Several unresolved issues might explain the discrepancies. Different forms of suPAR can circulate in the blood, and some variants might be more pathogenic than whole suPAR. And a team led by Minnie Sarwal of UCSF, Dany Anglicheau of Necker Hospital in Paris, and Reiser has shown that in FSGS, a second blood-borne factor, an anti-CD40 autoantibody, works with suPAR to attack podocytes. "Everyone agrees it's more complicated" than the initial findings in 2011 suggested, Reiser concedes. "But meanwhile, the data gets stronger and stronger that suPAR is the worst toxin you can have for the kidneys."

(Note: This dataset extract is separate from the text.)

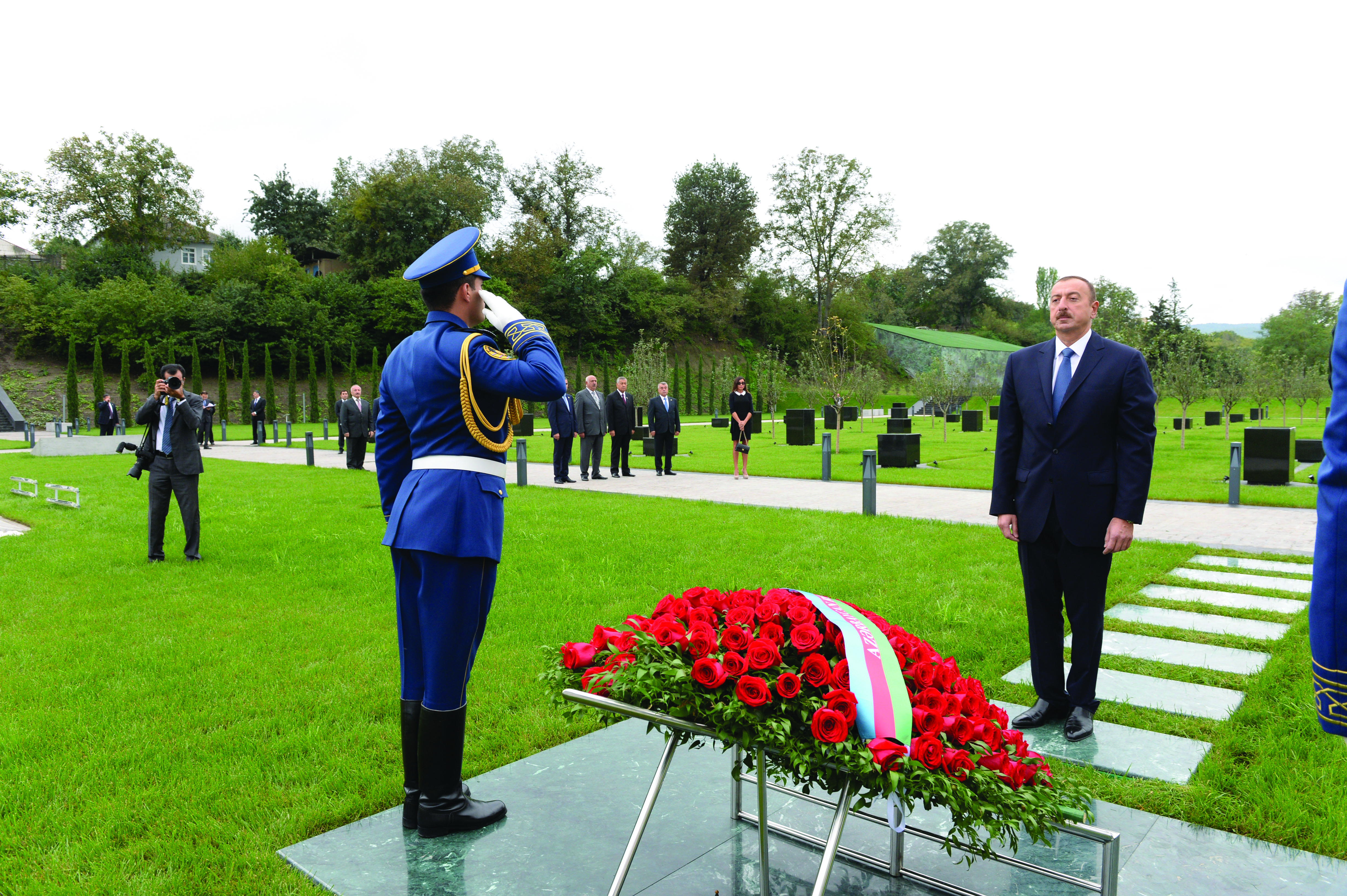 Ilham Aliyev in openning ceremony Guba Genocide Memorial Complex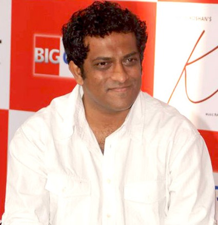 Bollywood film director Anurag Basu

The data gets stronger and stronger that suPAR is the worst toxin you can have for the kidneys.
The controversy may not be resolved to everyone's satisfaction until a human trial indisputably shows that removing suPAR cures or slows the progression of kidney disease. Several groups are trying to develop a monoclonal antibody drug that would remove suPAR from the blood. One such group is Trisaq, a company Reiser and Sever founded in 2011. Vincenti said his group also has developed monoclonal antibodies to suPAR for clinical testing. "I was excited to try it in patients," he says. "But we could not demonstrate, at least in our samples, that suPAR was a biomarker for either FSGS or recurrent FSGS. [That's] held it back."
The first human proof may come not from a drug, but from a medical device. Miltenyi Biotec, a company in Bergisch Gladbach, Germany, makes apheresis devices, which remove substances from plasma, and it is developing a technology that would selectively scrub suPAR out of patients' blood. "The key question," notes CEO Stefan Miltenyi, "is if suPAR is the cause [of] renal diseases or just a bystander molecule." Miltenyi hopes to launch a clinical trial in 2019.
For FSGS patients such as Henry, who relies on 8-hour overnight sessions of dialysis to stay alive, a breakthrough therapy can't come soon enough. But suPAR is already beginning to influence clinical decisions. Singh, Henry's transplant physician, has used suPAR levels to manage the care of several kidney patients. And since 2013, every patient arriving at the emergency department at Copenhagen University Hospital Hvidovre has undergone suPAR testing to help physicians make triage and discharge decisions.
Reiser often likens suPAR to cholesterol—a key marker and disease-associated molecule that can be monitored and, perhaps, ultimately controlled. But the main lesson of suPAR, he believes, is cautionary in an age of genomics and personalized medicine. Although a huge amount of attention (and government coin) has been devoted to identifying genes associated with disease, the environment can sometimes trump them. "I think that the gene adds to the risk profile—it's part of the picture," he concedes. "But the environment is a way-underestimated modifier that becomes way more important, quite frankly, than the underlying gene event. And this is … a beautiful illustration of exactly that principle."